The barbarism and lack of compassion shown by British officers in Roland Emmerich's brutal and bloody war epic, The Patriot, are almost enough to make you feel ashamed of belonging to this island.

Innocent men, women and children are slaughtered in the name of king and country not to mention the spilt blood of defenceless prisoners of war. It's no wonder that 18th century war hero Benjamin Martin (Mel Gibson) feels the compulsion to take a tomahawk and musket to the might of the British Empire.

It takes some time to get him warmed up, however. At the beginning of the film he is living at peace with his seven children in a sprawling South Carolina plantation after distinguishing himself in the French and Indian Wars.

The horrors of conflict come back to haunt him when his headstrong eldest son Gabriel (Heath Ledger) defies his orders to join the American army.

Unwilling to get involved himself, Benjamin finally joins the fight when second eldest son Thomas (Gregory Smith) is killed in cold blood by sadistic British officer, Colonel Tavington (Jason Isaacs).

Determined to protect the rest of his family and sister-in-law Charlotte (Joely Richardson) from harm, Benjamin takes up arms alongside his patriotic son Gabriel, leading a brave militia into battle against the overwhelming English army.

Gibson is marvellous in the lead - terrifying on the battlefields as he carves up the enemy with a maniacal glint in his eye and heart-breaking as the bereaved father, devastated as the war claims the lives of the people he loves most dearly.

The contradictions in Benjamin's personality - torn between his pacifist principles and protecting his brood - provide Gibson with several emotionally charged scenes, including a couple of opportunities to break down and cry his heart out.

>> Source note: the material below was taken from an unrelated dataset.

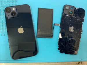 バッテリーが劣化すると膨張してしまい、画面やバックパネルが浮いて割れてしまったり内部が壊れてしまう危険があります…

The film's screenplay by Robert Rodat concentrates on the star, often at the expense of supporting players. Gabriel is underdeveloped, operating at times as a plot device to coax his father back into battle. Rising star Ledger makes the most of his second billing though, and demonstrates a magnetic screen presence.

Richardson is shamefully under used while the British commanders are all stiff upper-lipped caricatures, two-dimensional villains the lot of them.